Leonard (22 points on three 3-pointers and two dunks, seven rebounds and five steals) made plays all over the court to lead the San Antonio to a 104-82 series-closing win over the Portland Trail Blazers on Wednesday.
With their 4-1 series victory, the Spurs join the Heat as the only teams to make the conference finals each of the last three years. But whether San Antonio returns to the NBA Finals, let alone wins them, might hinge on Parker.
Parker’s backup, Patty Mills (18 points, three steals, zero turnovers in 26 minutes), filled in admirably. But winning with depth, as the Spurs have done to this point, gets much more difficult when the field narrows. Parker is a true star, someone who has repeatedly elevated his game as the playoffs go deeper. That’s whom San Antonio needs.
And there’s reason to believe the Spurs will get Parker back soon.
“I think it’s more precaution than anything,” said Tim Duncan, whose 16 points and eight rebounds helped ensure the Spurs could comfortably rest Parker on Wednesday. “Just don’t want to get him any more hurt.”

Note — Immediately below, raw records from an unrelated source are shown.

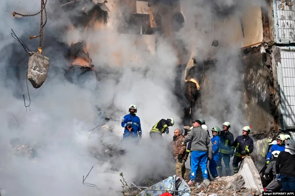 Глава администрации Черкасской области Игорь Табурец сообщил, что в Умани в результате попадания российской ракеты – или обломков сбитой ракеты – в жилую 9-этажку убиты четверо и ранены 17 человек.
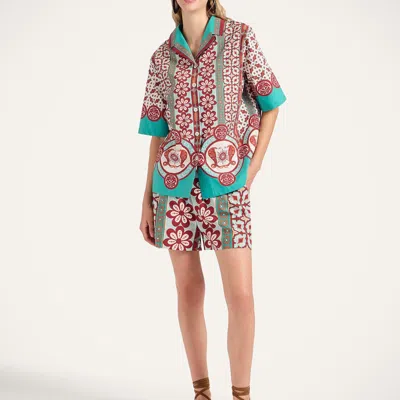 La DoubleJ High Summer 2025: VIP Early Access gend Pull-Up Shorts Pagoda Placée Rust. Step right up for your prettiest pins. Cut in bouncy cotton poplin with an elasticated waistband, these beauties are a lesson in casual class. Keep it classic with a simple white tank, or double it up with the matching Bowling Shirt for your easiest summer look that’ll slide from poolside to dance floor in a snap. This molto elegante print is placed by hand to look perfect from every angle.
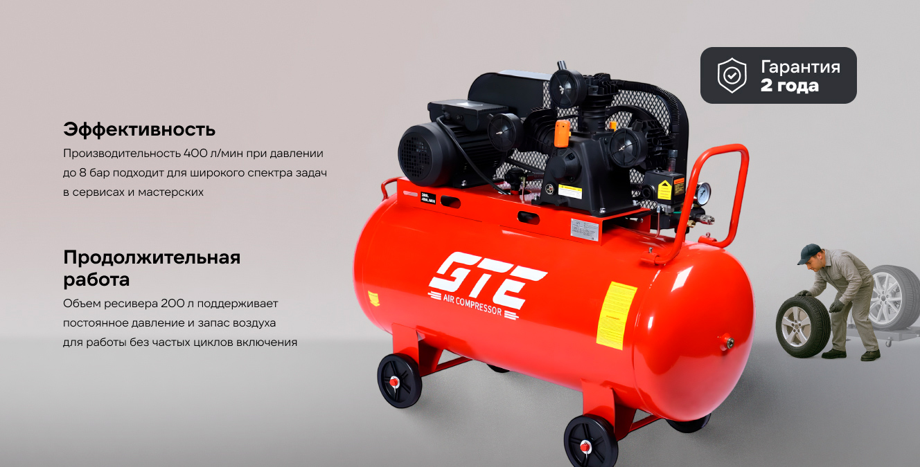 Компрессор поршневой с ременным приводом GTE 220В, ресив. 200л, 400л/мин. -MR4200400B GTE-MR4200400B

At least San Antonio will get extra rest before facing the Thunder or Clippers, and that can only help Parker heal.
In wins in Games 1-3, the Spurs led at halftime by 26, 19 and 20 at halftime. In their Game 4 loss, they trailed by two at the break.
Wednesday, they led by just seven at halftime – a comfortable position to be certain, but one indicative of a team no longer possessing an unbreakable lock on the series. The only other time the Trail Blazers got this close after two quarters, Game 4, they ran away with it in the third.
“We might have ran out of a little energy in the last game,” Duncan admitted.
San Antonio quickly ensured that wouldn’t be repeated in Game 5, opening the third quarter on an 8-0 run. Thanks to Danny Green making all five of his second-half shots on the way to 22 points, the Spurs led by double digits the rest of the way.
The Trail Blazers’ run ends here, and they were an exciting team that got in over their heads – way over their heads. But this season was a resounding success for Portland, which reached the playoffs for the first time in three years and won a postseason series for the first time in 14.
Portland’s stars – Damian Lillard (17 points and 10 assists) and LaMarcus Aldridge (21 points and 10 rebounds) – had double-doubles in the season ender, but neither really gave San Antonio much reason for concern. They’re not quite good enough to beat a great team like the Spurs, especially with so little bench help.
Next season, the Trail Blazers can get better. They’re young enough to expect significant internal growth, and using the mid-level exception wouldn’t take them into the luxury tax.
But the West is tough, and breaking into the upper echelon is a daunting task. Again and again this series, the Spurs proved that.